What if some roads actually pay you to travel them? How do you find the cheapest path then?
Why Bellman Ford Algorithm Negative Weights in DSA Typescript?
Imagine you are planning a road trip across several cities. Some roads have tolls (positive costs), but some roads offer discounts or cashback (negative costs). You want to find the cheapest route from your starting city to all others.
Manually calculating the cheapest path with roads that can reduce your total cost is tricky. Simple methods like always choosing the shortest road fail because negative costs can create loops that reduce the total cost endlessly. This makes it hard to know if your calculation is correct or if you missed a better path.
The Bellman Ford algorithm smartly handles roads with negative costs. It checks all roads multiple times to find the best prices, even if some roads reduce your total cost. It also detects if there is a loop that keeps reducing cost forever, warning you about impossible routes.

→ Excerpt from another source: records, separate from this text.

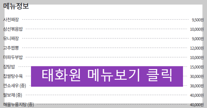 태화원은 인천시 향토음식지점으로 '향토짜장'을 내세우고 있더군요. 어떤 맛일지 궁금했습니다. 메뉴판을 보니 다양한 짜장면과 요리들이 있었습니다.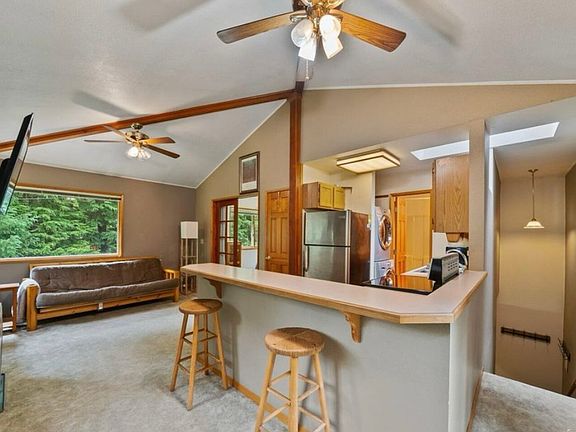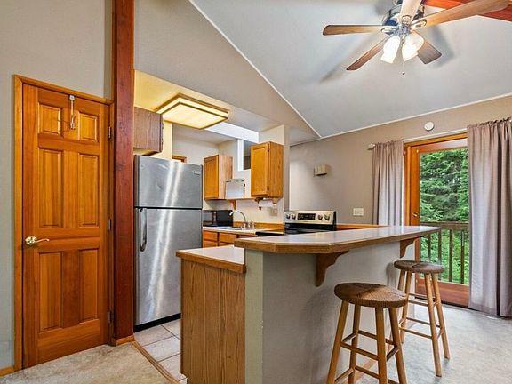 Escape to Girdwood and make this charming 1 bedroom, 1 bathroom unit your new home! Fully furnished for your convenience, this unit features a private porch offering serene forest views. Stay warm and dry with the added benefit of a garage, perfect for storing gear or parking your vehicle. Enjoy the inviting top living area with vaulted ceilings and abundant natural light, creating a cozy and airy atmosphere. Secluded towards the end of Timberline, but still close to all Girdwood amenities and outdoor activities. Available Today Call For Showing Pets on Approval Tenant Pays Utilities No Smoking or Vaping on Property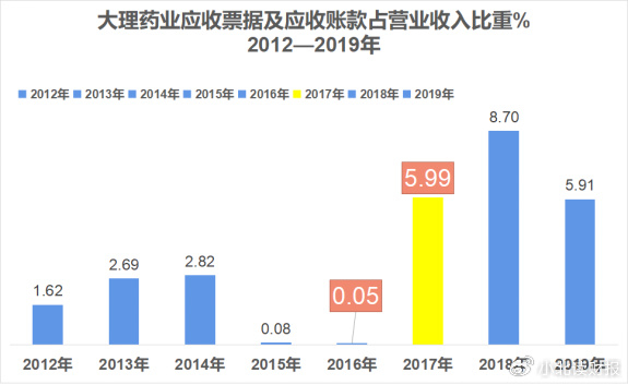 但是上市后大理药业应收账款及应收票据占营业收入的比重,立马翻了数倍,2018年公司每100万收入中,就有8.7万元是应收账款。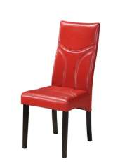 现代红色PVC皮革餐椅与木腿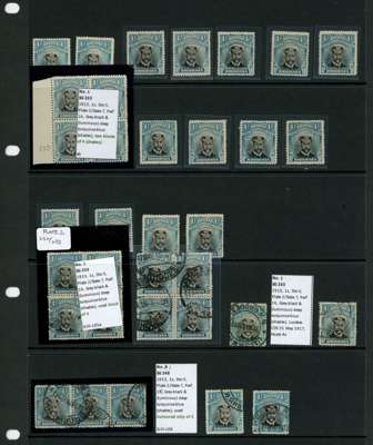 1913-7 1/- Head Die II, perf 14. Fine range on Hagner sheet with nineteen mint (including a block of four), varying amounts of o.g., and fifteen used including two blocks of four and a strip of three. Good shades. SG 233, AH 1
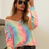 Tie Dye French Terry Long Sleeve Knit Top – Pastel Tiedye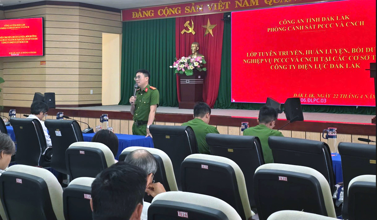 Ngày 22/4, Công ty Điện lực Đắk Lắk (PC Đắk Lắk) phối hợp với Phòng Cảnh sát PCCC và CNCH Công an tỉnh Đắk Lắk tổ chức khai mạc lớp huấn luyện, bồi dưỡng nghiệp vụ phòng cháy, chữa cháy và cứu nạn, cứu hộ (PCCC và CNCH) năm 2026. Chương trình được triển khai từ ngày 22/4 đến 09/5, với sự tham gia của 1.632 CBCNV công ty.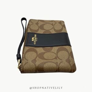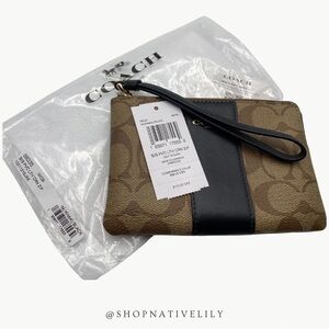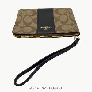 Coach Corner Zip Logo Wristlet In Signature Canvas With Stripe | Khaki/Black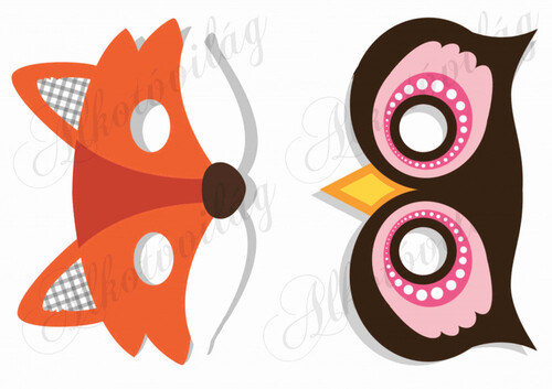 Állatos álarcok - róka, bagoly - Több mint 20 alapanyagon elérhető.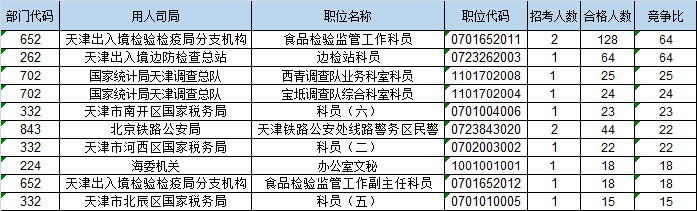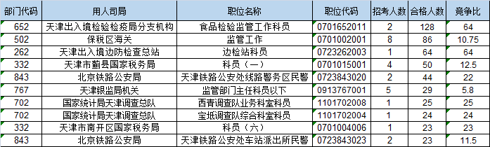 報(bào)名通過審核人數(shù)前十的職位主要集中在天津出入境檢驗(yàn)檢疫局分支機(jī)構(gòu)、保稅區(qū)海關(guān)、天津出入境邊防檢查總站,具體信息如下: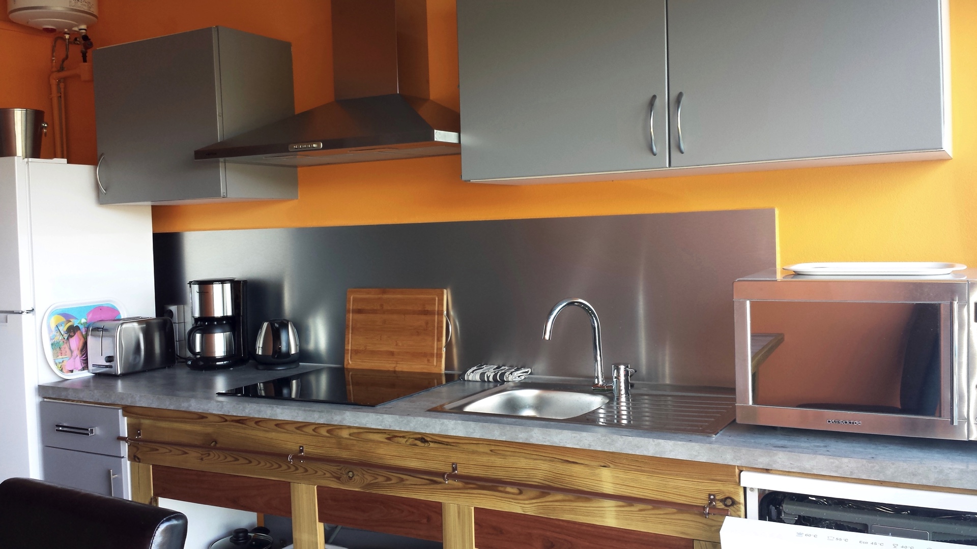 la cuisine est équipée d’un grand frigo-congélateur,d’un four mixte micro-ondes ,de plaques à induction ,d’un lave vaisselle et de tout le nécessaire pour des vacances agréables …
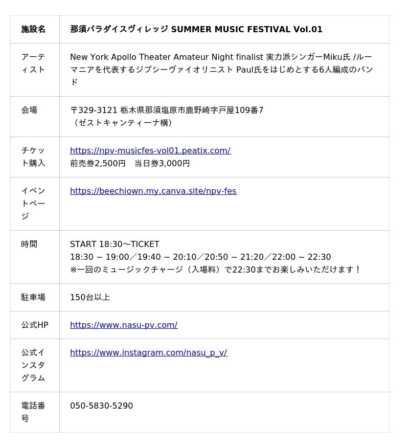 那須パラダイスヴィレッジ SUMMER MUSIC FESTIVAL Vol.01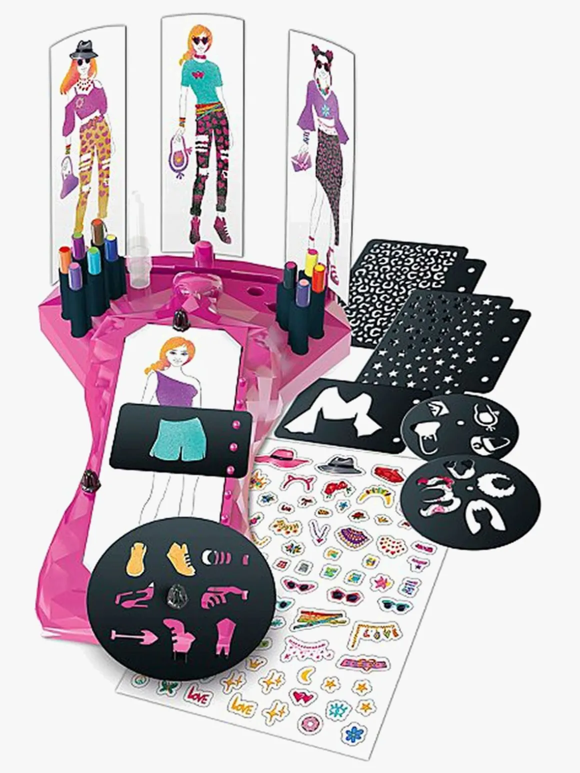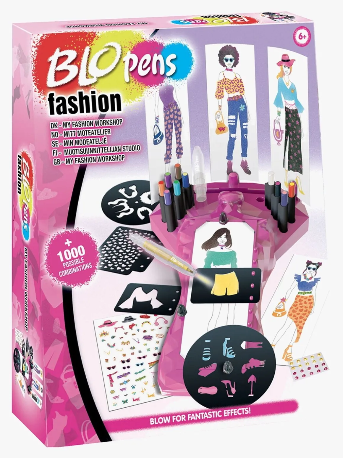 Indeholder: 1 stylingbase, 20 genbrugsbare skabeloner, 20 modelark, 1 klistermærke, 10 Magic Mini Blo Pens + 1 aktivator, 1 geletus og 1 brugsanvisning.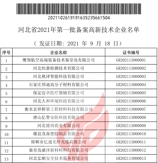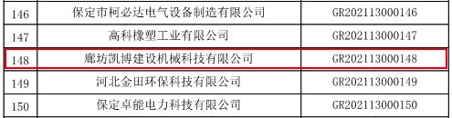 2021年10月27日,科技部火炬中心公示了《河北省 2021 年第一批備案高新技術企業名單》,廊坊凱博建設機械科技有限公司順利通過河北省高新技術企業認定。高新技術企業的取得,將進一步推動公司自主創新、自主研發的進程,從而快速推動公司產業化經營。同時,公司將充分發揮高新技術企業的引領作用,積極創新、突破自我,為公司高質量可持續發展提供科技支撐。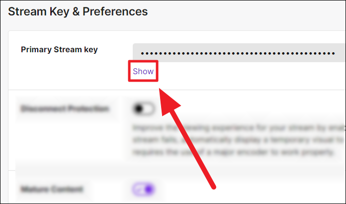 Look to the right of the screen to find the ‘Stream key & Preferences’ section. You’ll find your stream key in dots or code (to protect the stream key) next to the ‘Primary Stream key’ option. Click the ‘Show’ button below the key to see your stream key.
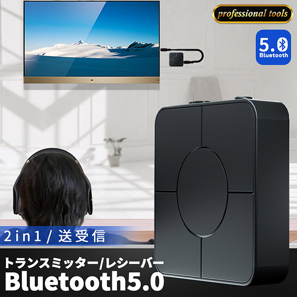 トランスミッター レシーバー 1台2役 Bluetooth5.0 送信機 受信機 充電式 無線 ワイヤレス 3.5mm オーディオスマホ テレビ TXモード RXモード 音楽 送信 受信 ブルートゥースios i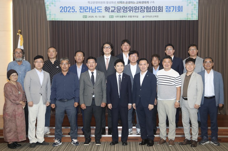 [전남 세계타임즈=우덕현 기자] 전라남도교육청(교육감 김대중)은 10월 13일(월) 나주 듀플렉스 호텔에서 도내 22개 지역 학교운영위원장협의회 대표 위원장들이 참석한 가운데 ‘2025. 전라남도 학교운영위원장협의회 정기회’를 열었다.

function findCheapestPath(graph) {
// Just pick shortest edges once, ignoring negative loops
// This can give wrong answers if negative weights exist
}function bellmanFord(graph, start) {
// Relax edges repeatedly to find shortest paths
// Detect negative cycles if any
}You can reliably find the cheapest paths in graphs even when some paths reduce total cost, and detect impossible infinite savings loops.
In finance, when calculating the best currency exchange routes, some exchanges might give bonuses (negative costs). Bellman Ford helps find the best way to convert money without getting stuck in endless profit loops.
Manual shortest path methods fail with negative weights.
Bellman Ford handles negative weights by repeated edge relaxation.
It detects negative cycles to avoid infinite cost reduction loops.